是否可以仅从复制因子为3的Cassandra群集中的单个节点读取数据? [英] Is it possible to read data only from a single node in a Cassandra cluster with a replication factor of 3?

查看:86
本文介绍了是否可以仅从复制因子为3的Cassandra群集中的单个节点读取数据?的处理方法,对大家解决问题具有一定的参考价值,需要的朋友们下面随着小编来一起学习吧!

问题描述

我知道Cassandra具有不同的读取一致性级别,但是我没有看到一致性级别允许仅从一个节点按键读取数据。我的意思是,如果我们有一个复制因子为3的集群,那么在读取时我们将始终询问所有节点。即使我们将一致性级别选择为1,我们也会询问所有节点,但要等待来自任何节点的第一个响应。这就是为什么我们读取时不仅加载一个节点,而且加载3个节点(协调节点为4个节点)的原因。我认为即使设置更大的复制因子也无法真正提高读取性能。


是否真的可以只从单个节点读取?

I know that Cassandra have different read consistency levels but I haven't seen a consistency level which allows as read data by key only from one node. I mean if we have a cluster with a replication factor of 3 then we will always ask all nodes when we read.
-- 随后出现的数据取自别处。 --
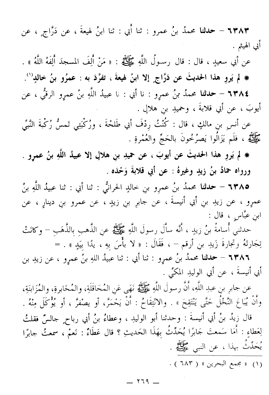6385 - حَدَّثَنَا مُحَمَّدُ بْنُ عَمْرِو بْنِ خَالِدٍ الْحَرَّانِيُّ، ثَنَا أَبِي، ثَنَا عُبَيْدُ اللَّهِ بْنُ عَمْرٍو، عَنْ زَيْدِ بْنِ أَبِي أُنَيْسَةَ، عَنْ جَابِرِ بْنِ زَيْدٍ، عَنْ عَمْرِو بْنِ دِينَارٍ، عَنِ ابْنِ عَبَّاسٍ قَالَ: حَدَّثَنِي أُسَامَةُ بْنُ زَيْدٍ، أَنَّهُ §سَأَلَ رَسُولَ اللَّهِ صَلَّى اللهُ عَلَيْهِ وَسَلَّمَ عَنِ الذَّهَبِ بِالذَّهَبِ، وَكَانَتْ تِجَارَتُهُ وَتِجَارَةُ زَيْدِ بْنِ أرْقَمَ، فَقَالَ: «لَا بَأَسَ بِهِ، يَدًا بِيَدٍ»
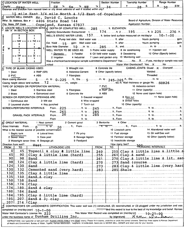 Loucks, David C | 285 ft. | 157 ft. | 15 gpm. | Domestic | Constructed | 01-Oct-2000 | Scan | |
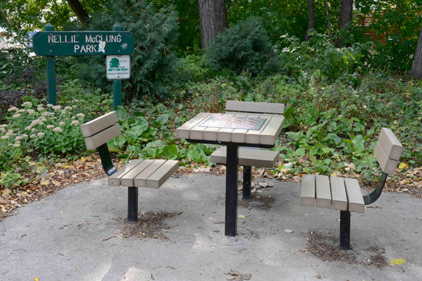 This plaque, located at the southeast corner of Wolseley Avenue and Lenore Street, recognizes the efforts of Nellie McClung in the social reform and women’s suffrage movements of the early twentieth century. The McClung House on Chestnut Street is located near this park.
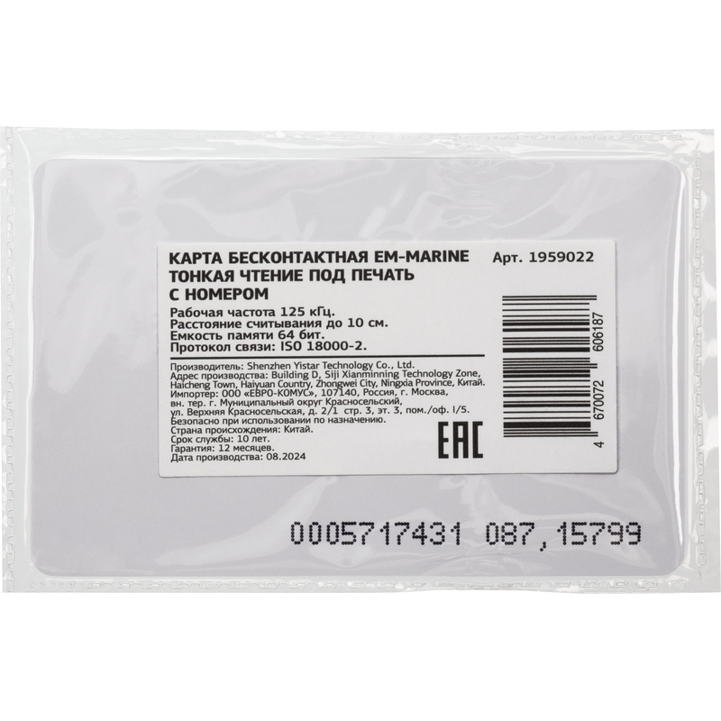 Карта EM-marine 0.84 мм от EM-marine — это практичное решение для офиса и дома, сочетающее надежность и удобство в использовании. Изготовлен с учетом современных требований к качеству и функциональности. Продукция соответствует стандартам, что гарантирует долгий срок службы и сохранение характеристик.
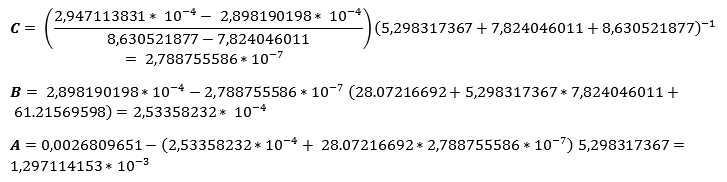 Next, the Steinhart-Hart coefficients (A, B, and C) can be calculated:
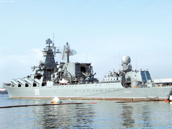 俄罗斯海军也派出素有“航母杀手”之称的“瓦良格”号导弹巡洋舰参加此次阅兵式。该舰已于13日从符拉迪沃斯托克的金角湾出发前往中国。“瓦良格”号是俄罗斯太平洋舰队的旗舰,主要武器为16枚SS-N-12超音速反舰导弹,可携带1000公斤装药的常规弹头或射程达300海里的战术核弹头。

Even if we choose a consistency level of one we will ask all nodes but wait for the first response from any node. That is why we will load not only one node when we read but 3 (4 with a coordinator node). I think we can't really improve a read performance even if we set a bigger replication factor.

Is it possible to read really only from a single node?

推荐答案

您是否正在使用令牌感知负载平衡策略?

Are you using a Token-Aware Load Balancing Policy?

如果您使用的是并且您正在以LOCAL_ONE / ONE的一致性进行查询,则读查询应仅与单个节点联系。

If you are, and you are querying with a consistency of LOCAL_ONE/ONE, a read query should only contact a single node.

给出文章弹性驱动程序的思想和测试。在其中,您会注意到使用TokenAwarePolicy具有以下效果:

Give the article Ideology and Testing of a Resilient Driver a read. In it, you'll notice that using the TokenAwarePolicy has this effect:


对于具有单个数据中心的情况,TokenAwarePolicy选择主要副本将成为选择的协调者,希望通过避免典型的协调者-副本跳来减少延迟。

"For cases with a single datacenter, the TokenAwarePolicy chooses the primary replica to be the chosen coordinator in hopes of cutting down latency by avoiding the typical coordinator-replica hop."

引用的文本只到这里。